Two hands typing on a laptop keyboard with an onion on the laptop screen.

The Tor Browser is an internet browser that is a part of the Tor Project. It sends your traffic through a volunteer-based network to provide privacy and anonymity online. However, there are some things you should know about before blindly trusting your privacy to Tor. Keep on reading to learn all about how the Tor Browser works.

Table of contents

    Is the Tor Browser safe? Safety benefits vs. issues at a glance

    The Tor Browser is safer than a regular browser as it offers a solid boost to your online privacy. But it does have known vulnerabilities. So if you browse, onion websites or want to be a whistle-blower online, you might want to secure yourself by running Onion over VPN

    Three layers of encryption
    Entry node sees your IP, exit node sees your data
    Connects via three random nodes
    Nodes are run by volunteers and could be compromised
    Nodes are changed every five minutes
    Only browser traffic is encrypted, while all other traffic remains unaffected


    The Tor Browser is safe, but it’s not bulletproof. Your IP (Internet Protocol) address is vulnerable at the entry node, and your data is vulnerable at the exit node. Cracking both nodes and matching your IP to your data might be rare, but it’s not impossible. If privacy is your main concern, you should use a premium VPN together with Tor at all times.

    How Tor works

    The Tor Browser relies on a network of volunteers to encrypt your traffic and send it through three different servers, also known as nodes or relays. This process hides your IP address and protects your activity data from snoopers and any other intrusive third parties.

    When you access Tor, the entry relay can see your IP but not the data you are sending. The middle relay can see your data but not your IP. The same applies to the exit relay, which sends your data to the internet but doesn’t know where it’s coming from. These relays are changed every 5 minutes as a preventative measure against compromised relays.
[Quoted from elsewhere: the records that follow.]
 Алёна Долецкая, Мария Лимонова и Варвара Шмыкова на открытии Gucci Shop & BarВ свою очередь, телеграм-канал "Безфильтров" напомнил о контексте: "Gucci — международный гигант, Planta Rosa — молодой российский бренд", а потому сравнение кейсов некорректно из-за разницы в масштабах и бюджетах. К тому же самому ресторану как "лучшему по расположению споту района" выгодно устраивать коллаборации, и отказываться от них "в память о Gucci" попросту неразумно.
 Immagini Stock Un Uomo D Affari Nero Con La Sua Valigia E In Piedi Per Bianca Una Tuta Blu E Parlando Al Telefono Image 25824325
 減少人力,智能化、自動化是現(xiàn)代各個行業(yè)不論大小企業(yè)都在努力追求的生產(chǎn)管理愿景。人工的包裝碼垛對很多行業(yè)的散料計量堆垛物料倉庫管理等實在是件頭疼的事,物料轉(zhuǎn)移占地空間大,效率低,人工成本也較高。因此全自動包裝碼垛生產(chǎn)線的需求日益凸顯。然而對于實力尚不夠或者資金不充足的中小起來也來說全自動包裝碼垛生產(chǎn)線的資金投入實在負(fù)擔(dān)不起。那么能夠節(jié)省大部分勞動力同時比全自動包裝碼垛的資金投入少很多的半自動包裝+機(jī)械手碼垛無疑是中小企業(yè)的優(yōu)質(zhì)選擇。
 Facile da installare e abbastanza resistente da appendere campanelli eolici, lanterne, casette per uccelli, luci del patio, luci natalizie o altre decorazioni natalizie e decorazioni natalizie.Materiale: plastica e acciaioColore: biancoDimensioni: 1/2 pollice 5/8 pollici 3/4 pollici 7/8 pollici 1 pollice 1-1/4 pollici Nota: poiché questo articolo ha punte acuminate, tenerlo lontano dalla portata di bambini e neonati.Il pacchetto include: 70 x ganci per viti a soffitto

    In theory, such a connection could be considered secure since no single relay has access to both your IP and data. However, the security issues linked with Tor prove that the system isn’t flawless.
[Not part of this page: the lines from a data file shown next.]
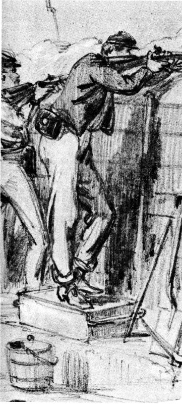 The last scene in the battle occurred shortly after 1 p.m. 33 Mahone had called up a third brigade, and an attack spearheaded by the fresh unit succeeded in gaining the slopes of the crater. Some of the Union men, overcome with exhaustion and realizing the helplessness of their situation, surrendered; but others continued to fight. At one point where resistance centered, the Confederates put their hats on ramrods and lifted them over the rim of the crater. The caps were promptly torn to shreds by a volley of minié balls. Before their foe could reload, Mahone’s forces jumped into the crater where a desperate struggle with bayonets, rifle butts, and fists ensued.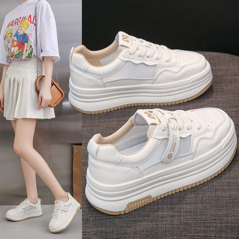2024 New Hot Style Women's Sports Shoes Summer Mesh Breathable White Sneakers with Thick Bottom and Round Toe PVC Insole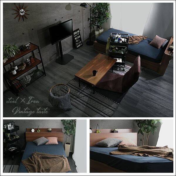 棚・収納付きヴィンテージチェストベッド ダブル BROOK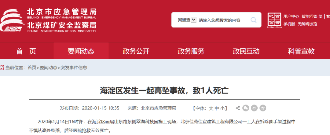 1月14日16時(shí)許,在海淀區(qū)畫眉山東路東側(cè)翠湖科技園施工現(xiàn)場(chǎng),北京佳苑佳宜建筑工程有限公司一工人在拆除腳手架過程中不慎從高處墜落,后經(jīng)醫(yī)院搶救無效死亡。
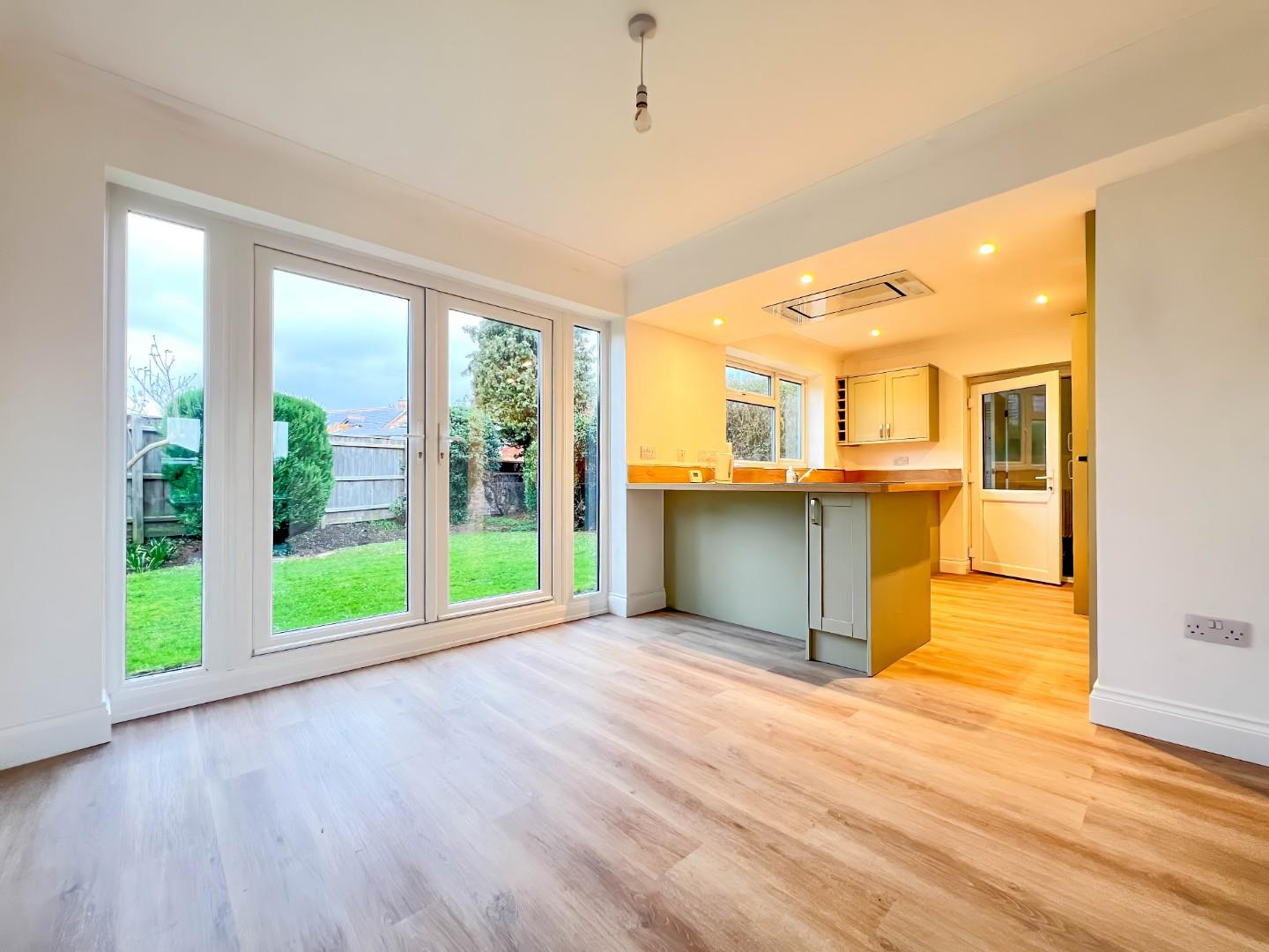 The property comprises of a light & airy spacious entrance hall with stairs featuring, glass side panels leading to the first floor with separate doors off the hall leading to, lounge & the kitchen areas. Spacious lounge to the front benefits from a large double glazed window to the front and laminate flooring from here, into a generous size dining & kitchen areas, with French double doors from the dining area leading into the rear garden.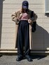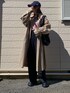 トレンチコートに赤ボーダーのロンTにスラックス. キャップにボリューム感のあるブーツを合わせてメンズライクに.
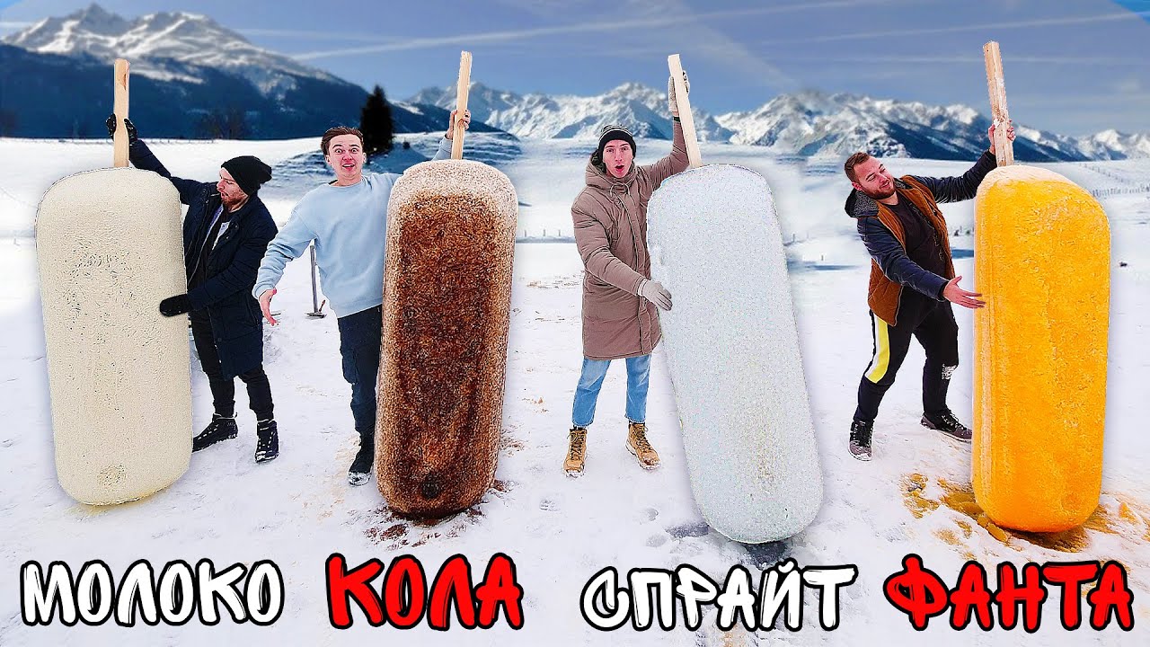Телеграм: https://t.me/himango ВК группа: https://vk.com/hibestman Яндекс ДЗЕН: https://zen.yandex.ru/user/HiBestMan RuTube: https://rutube.ru/channel/24124786/ Мы с командой решили устроить для себя челлендж - сделать гигантское мороженое из колы, фанты, спрайта, молоко. По нашим расчётам, мороженое должно было замёрзнуть через 24 часа, но заледенело только спустя более 50 часов ! На ванны ушло чуть меньше 1000 литров ( суммарно на все напитки ), какой результат вышел - смотрите в ролике. p.s не забудь поставить лайк, если понравился видос =)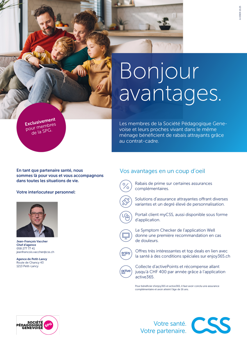 Les membres de la Société Pédagogique Genevoise et leurs proches vivant dans le même ménage bénéficient de rabais attrayants grâce au contrat-cadre passé avec la CSS. Vous pouvez contacter M. Jean-François Vaccher pour discuter de rabais possibles.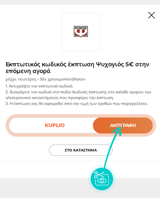 Αντιγράψτε ή σημειώστε τον εκπτωτικό κωδικό και κάντε κλικ στο κουμπί "ΣΤΟ ΚΑΤΑΣΤΗΜΑ". Στη συνέχεια θα ανακατευθυνθείτε απευθείας στο e-shop psichogios.gr.

    The security issues with the Tor Browser

    Most security issues linked to Tor are caused by the fact that its network is run by volunteers. This means that nearly anyone can set up a server and become a part of the network. As a result, your traffic may run through relays owned by malicious actors or even government agencies, such as the CIA.
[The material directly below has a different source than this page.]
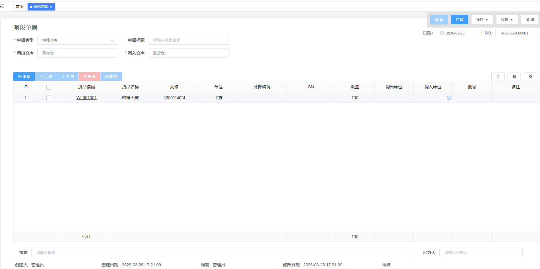 • 跨库调拨: 用于平衡各仓库库存。需要指定调出仓库和调入仓库,并可管理在途库存。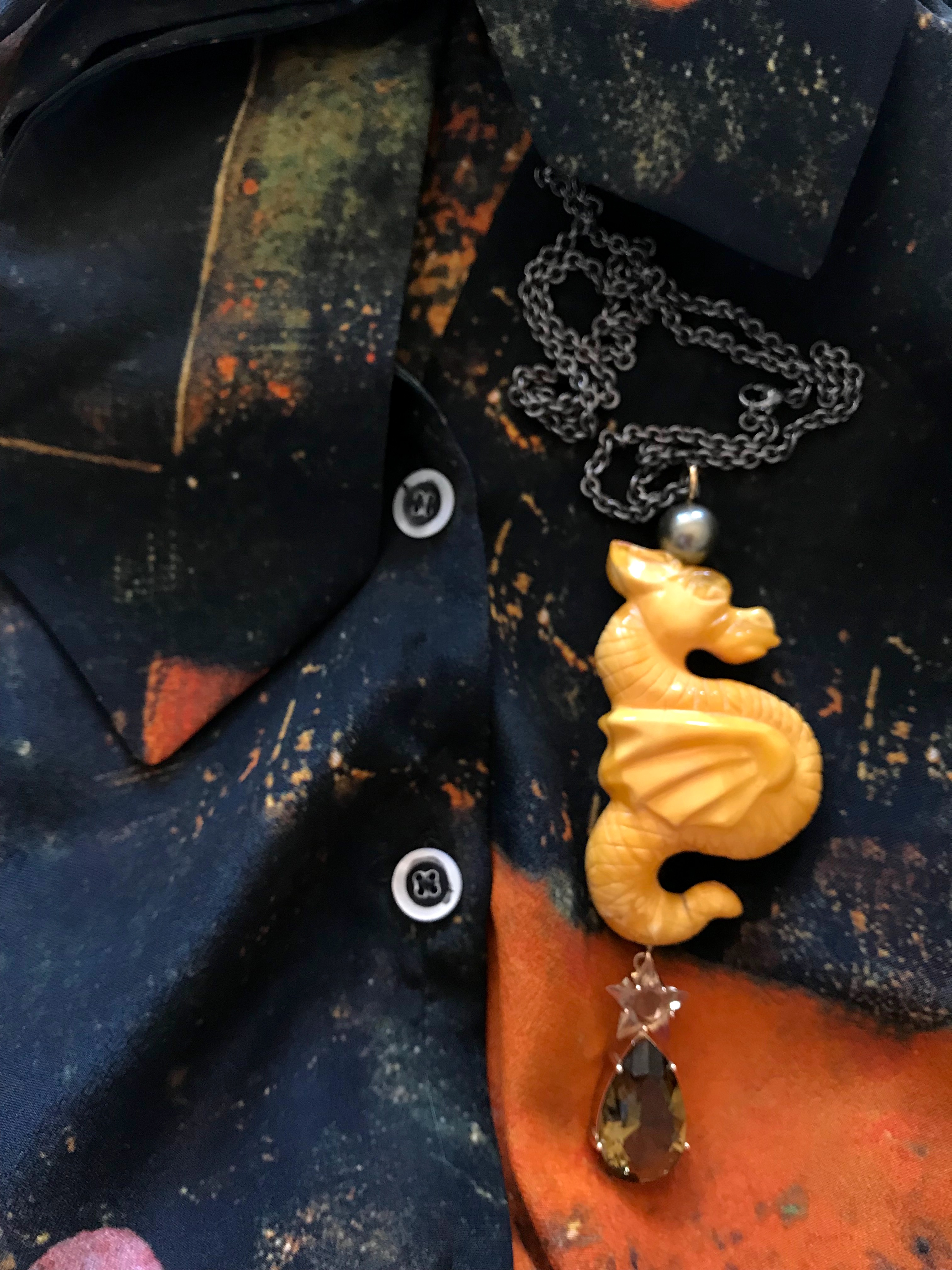 Abb: Puff the magic Dragon. Antiker Bernstein, Tahiti Perlen, Rauchquarz und Champagnerquarz Anhänger. € 3.450

    It’s easy to compromise a volunteer-run network

    With enough nodes, you can intercept the data going through the entry and exit nodes of the same circuit. This means that a person or group of people could hold both the entry and the exit relay of your connection at the same time. The more relays someone owns, the more likely it is to happen.

    Sure, the servers are changed every few minutes, but even a few seconds could be costly if you’re dealing with some sensitive information online.

    Malicious parties may collect data

    When a hacker-owned server acts as an entry node, hackers can record your IP and find out who you are. When a hacker-owned server acts as an exit node, hackers know what websites and services you accessed via that node.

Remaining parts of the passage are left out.